Supreme Administrative Court
Judgment of 15 June 2016
Case no. 0642/16
In this Judgment, the Supreme Administrative Court analysed the question of whether, in a request for the provision of a guarantee for the suspension of a tax foreclosure procedure by means of a personal guarantee, to be provided by the company holding the entirety of the share capital of the debtor, the Tax Authorities can set up as criterion for evaluation of the guarantor’s assets or financial robustness the method provided for in Article 15 of the Stamp Duty Code (intended to calculate the value of shares gratuitously transferred), and deduct from the value thus found both the amount of the contingent liabilities and the value of the share held by the guarantor in the share capital of the debtor.
The Court began by noting that the Tax Authorities shall ascertain the suitability of the guarantee offered for the suspension of the tax foreclosure procedure and that such suitability is to be ascertained through the likelihood of ensuring the payment of the debt and any accumulated interest, in case the guarantee is executed.
Nevertheless, the Court highlighted the fact that, in the case of a guarantee, what is intended with the assessment is to determine, as closely as possible, the value of the property or rights offered, the liquidity that they are likely to generate if it is necessary to execute the guarantee; in this specific case, the sufficiency of the guarantor assets to cover the debt and any accumulated interest, which do not correspond to the purpose of Article 15 of the Stamp Duty Code (i.e., determination of the tax basis for levying that tax in the event of a gratuitous transfer of shares).
Thus, the purposes of the assessment being different when ascertaining the suitability of the guarantee offered by the debtor for the suspension of the tax foreclosure procedure and when determining the tax basis as a quantitative expression of a taxable event, the assessment made by the Tax Authorities, using a formula taken from the tax provision aimed at determining the tax basis for Stamp Duty, is not appropriate for assessment of the corporate assets of the guarantor with regard to ascertaining the suitability of the personal guarantee.
The Court further added that, to conclude that the guarantor ’s assets are insufficient and the guarantee offered is not suitable, the Tax Authorities must assess the guarantor ’s assets, which involved an integrated analysis of various aspects, e.g. the composition of the assets, their recoverability, the existence of overestimation or not, the capacity to release funds, the generated earnings level, the value of liabilities, their composition and relationship with equity.

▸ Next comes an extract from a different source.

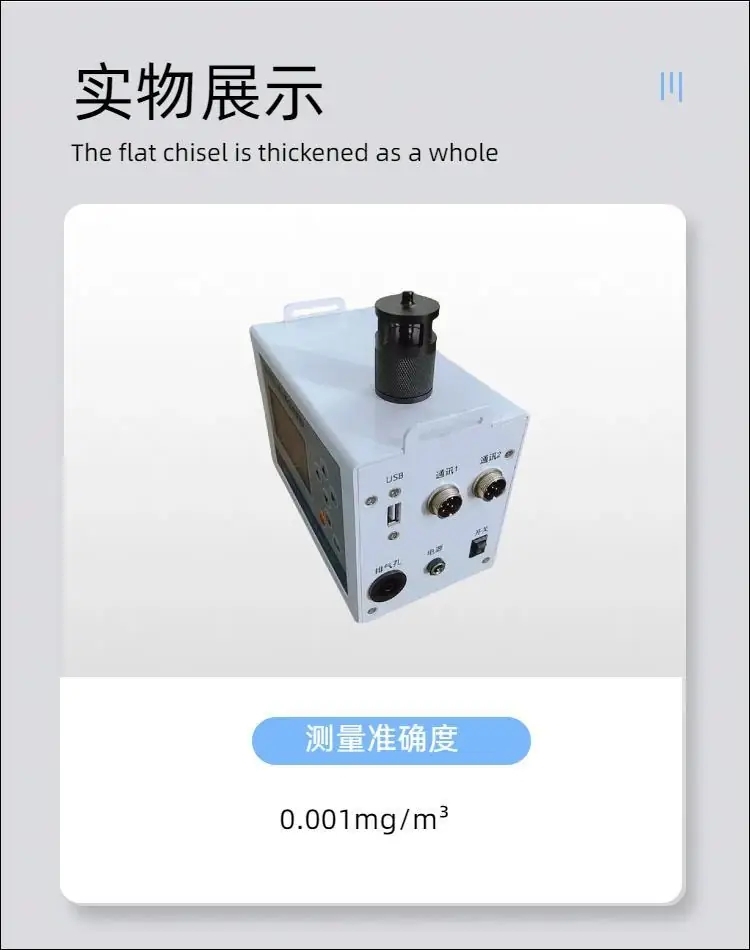 实时显示粉尘质量浓度,量程可至 2000mg/m3,高精确度 0.001 mg/m3,可连续检 测,采样与间隔时间可调;

Administrative Arbitration Centre Tax Arbitration Court
Judgment of 28 April 2016, published on June 2016
Case no. 662/2015-T
In the Judgment in question, the Tax Arbitration Court examined the question concerning the means of proof of tax residence for an individual taxpayer for the purposes of levying PIT in the Portuguese territory.
In this case, the taxpayer had declared himself, by error, as tax resident in Portugal in the year 2013, being as such subject to PIT, when he was effectively a tax resident in the United States of America (USA), where he had declared and subjected to tax the entirety of his income earned in that year 2013, leading to the payment of tax on the same income in two different jurisdictions.
The Tax Authorities refused to concede the non-residence in Portugal of such taxpayer based on the fact that he had not presented a Certificate of Tax Residence in the USA, tha t he maintained a declared tax domicile in Portugal and that he also declared his income for 2013 in that capacity.
The Tax Arbitration Court started by noting that these last facts shall not be deemed as an obstacle that cannot be overcame by the actual situation, under penalty of being considered an irrefutable presumption of tax residence. Even if this were the case, the Tax Arbitration Court highlighted the fact that the presumptions establis hed in rules concerning tax basis always admit evidence to the contrary.
Moreover, the Tax Arbitration Court noted that not only does the PIT Code not require proof of non-residence by means of a specific type of document (e.g. certificate of residence), but also, in practice, a certificate of tax residence in the USA only certifies residence in the USA, without this necessarily implying non-residence in Portugal.
Thus, the Tax Arbitration Court concluded that, irrespective of the presentation or not of the aforementioned certificate of tax residence in the USA, what excludes residence in Portugal is the non-occurrence of the requirements and assumptions provided for in Article 16 of the PIT Code, to which the Convention entered into by Portugal and the USA for the avoidance of double taxation refers, that can naturally be proven by any means of proof available to the taxpayer, which was made, in this case, by testimonial and documentary evidence.